■ Goal of the exercise:
The result should be the listing below restated word for word, with images left out.

■ Data provided:
----------
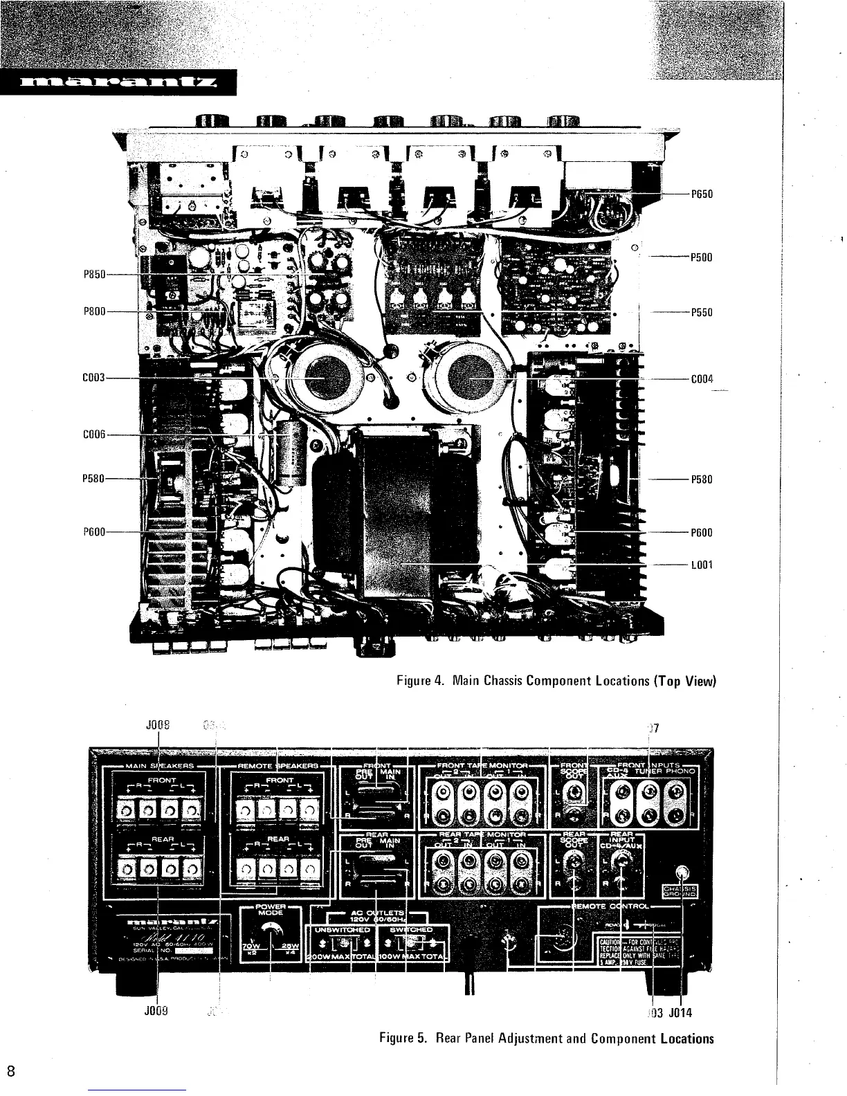 Marantz 4140 - Main Chassis Component Locations; Rear Panel Adjustment and Component Locations
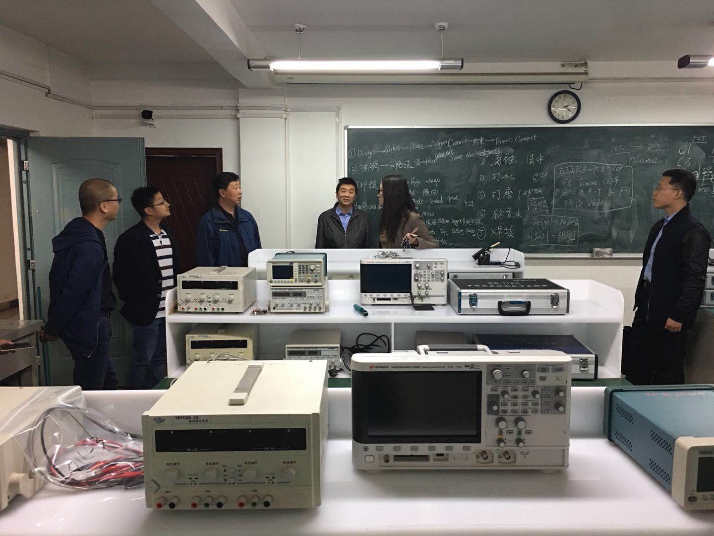 随后william威廉英国电子实习基地主任周珂带领各位老师参观了E-Center的各实验室,并详细介绍了实验室智能管理系统、电子班牌、实践教学数据统计分析等工作开展情况。
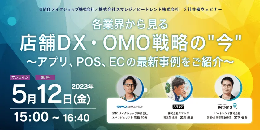 ビートレンド株式会社(本社:東京都千代田区、代表取締役社長:井上 英昭、以下、ビートレンド)とGMOインターネットグループのGMOメイクショップ株式会社(本社:東京都渋谷区、代表取締役社長CEO:向畑 憲良、以下、GMOメイクショップ)と、株式会社スマレジ(本社:大阪市中央区、代表取締役:山本 博士、以下スマレジ)は、2023年5月12日に、小売・外食企業様およびパートナー企業様を対象としたセミナー『各業界から見る、店舗DX・OMO戦略の“今”~アプリ、POS、ECの最新事例をご紹介~』を開催します。
----------
■ Solution:
 Marantz 4140 - Main Chassis Component Locations; Rear Panel Adjustment and Component Locations
 随后william威廉英国电子实习基地主任周珂带领各位老师参观了E-Center的各实验室,并详细介绍了实验室智能管理系统、电子班牌、实践教学数据统计分析等工作开展情况。
 ビートレンド株式会社(本社:東京都千代田区、代表取締役社長:井上 英昭、以下、ビートレンド)とGMOインターネットグループのGMOメイクショップ株式会社(本社:東京都渋谷区、代表取締役社長CEO:向畑 憲良、以下、GMOメイクショップ)と、株式会社スマレジ(本社:大阪市中央区、代表取締役:山本 博士、以下スマレジ)は、2023年5月12日に、小売・外食企業様およびパートナー企業様を対象としたセミナー『各業界から見る、店舗DX・OMO戦略の“今”~アプリ、POS、ECの最新事例をご紹介~』を開催します。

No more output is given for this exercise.